List of Modules and Sub-Packages

Note

Once the API documentation is fixed (by cleaning up the import * statements), we can add links to each module here.

core

Provides the core components of pyspecdata. Currently, this is a very large file that we will slowly break down into separate modules or packages.

The classes nddata, nddata_hdf, ndshape, the function plot(), and the class fitdata are the core components of the N-Dimensional processing routines. Start by familiarizing yourself with those.

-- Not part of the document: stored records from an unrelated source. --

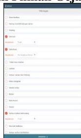
Gambar 4 Tampilan Pilihan Gejala
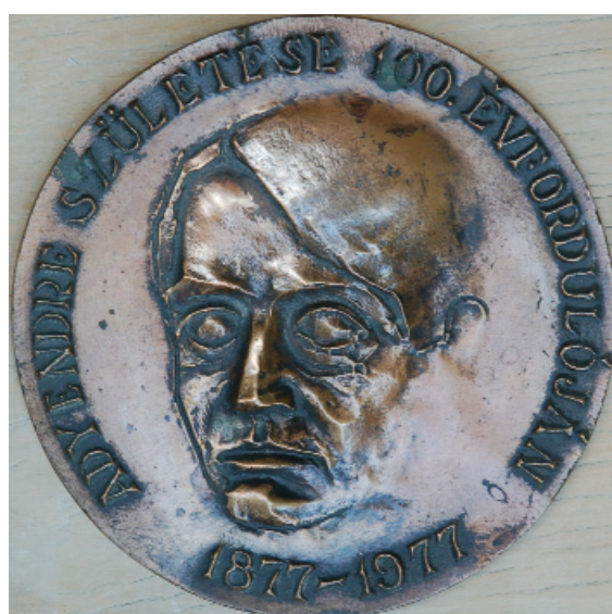
Ady Endre – 1977 (bronz)
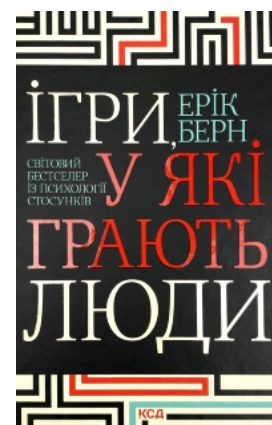
Ігри, у які грають люди

The figlist is the base class for “Figure lists.” Figure lists allows you to organize plots and text and to refer to plots by name, rather than number. They are designed so that same code can be used seamlessly from within ipython, jupyter, a python script, or a python environment within latex (JMF can also distribute latex code for this – nice python based installer is planned). The user does not initialize the figlist class directly, but rather initializes figlist_var. At the end of this file, there is a snippet of code that sets figlist_var to choice that’s appropriate for the working environment (i.e., python, latex environment, *etc.)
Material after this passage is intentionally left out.